Еще лет десять после падения Константинополя в Мистре также сохранялась удивительная верность его духу. Влияние местных ученых на итальянское Возрождение не ослабевало. Во Флоренции в память о величайшем уроженце Мистры, Плифоне, основали Платоновскую академию. Можно посидеть на стенах этого заброшенного многогранного города под тутовыми деревьями, где по раскинувшейся внизу долине реки Эвротас разбегаются солнечные лучи и волны жасминового аромата. Гомер называл этот регион Sparte Kalligynaika – краем прекрасных женщин. Да, характерные для Пелопоннеса пейзажи здесь умопомрачительно красивы. Однако после 1453 г. Мистра представляла собой небольшое, уединенное поселение на склоне горы, возвышающейся над руинами другого великого города, Спарты. А теперь и сама Мистра оказалась на грани упадка. Последние деспоты Мистры, братья императора Константина XI, Фома и Димитрий, сначала платили султану дань, а затем стали его вассалами. Впоследствии их отправили в ссылку. А в 1460 г. Мистра пала.

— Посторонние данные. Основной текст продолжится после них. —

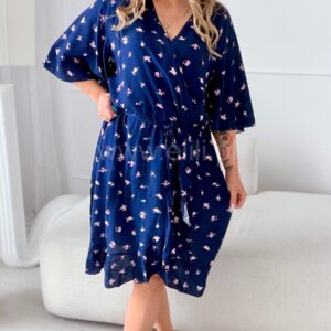 Verona to elegancka sukienka plus size inspirowana krojem szlafrokowym, która pięknie podkreśla kobiecą sylwetkę. Kopertowy dekolt subtelnie eksponuje biust, a elastyczna gumka w talii zapewnia wygodne dopasowanie i zaznacza proporcje. Szerokie rękawy dodają lekkości i swobodnego charakteru, a optymalna długość sprawia, że model jest uniwersalny i komfortowy w noszeniu. Idealna na co dzień, do pracy i na specjalne okazje.

Трапезунд на Понте тоже оставался почти империей, которую сплачивали воспоминания о несбывшемся. Здесь люди, глядя на холодные, успокаивающие просторы широкого Черного моря, наверно, часто говорили о Константинополе. Трапезунд, в свою очередь, капитулировал в 1461 г.

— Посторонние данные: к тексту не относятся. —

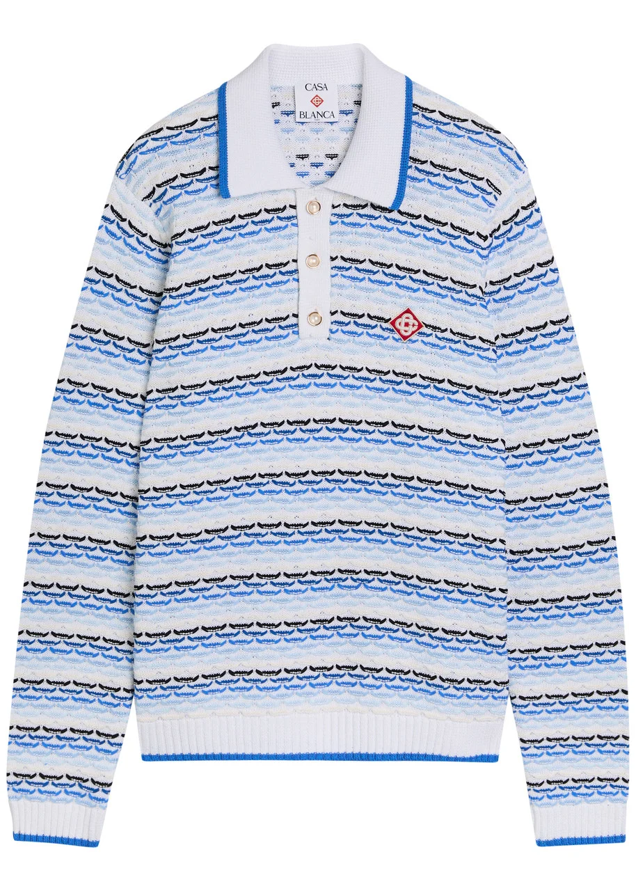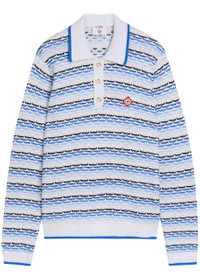 Info & Care Casablanca cotton-knit polo jumper Patterned tuck stitch design, button-fastening neck, raglan sleeves, embroidered designer applique at chest, striped ribbed trims Slips on 100% cotton Hand wash Size & Fit Length shoulder to hem: 27 inches/ 68.5cm Midweight Relaxed fit Model is 6'2"/ 188cm, chest size 38 inches and wears a size medium

На найденном в Тоскане cassone (свадебном сундуке, предназначенном для хранения белья и сорочек) высокородной девушки, относящемся примерно к 1460 г., вместо обычных украшений – сцен из поэм Гомера, Вергилия и Овидия, – мы видим изображения Константинополя и сражающихся янычар. Однако мудрый флорентинец заказал оформление cassone (он, в конце концов, оказался в Палаццо Строцци во Флоренции) не в осуждение османов (как считали долгое время), а для увековечивания их истории и напоминания о тесных торговых отношениях, установившихся у итальянцев с османскими турками. Западные участники рынка изо всех сил старались обеспечить себе свободу выбора с новыми партнерами на востоке.
И вот представители этой разбросанной по свету православной диаспоры, эти граждане Нового Рима, обосновавшиеся в своих церквушках, теперь сосредоточились на духовной жизни, на глубоких отношениях со своими святыми. В церковных залах и общественных центрах, на похоронах и торжествах и по сей день в песнопениях оплакивают падение Константинополя – особенно женщины.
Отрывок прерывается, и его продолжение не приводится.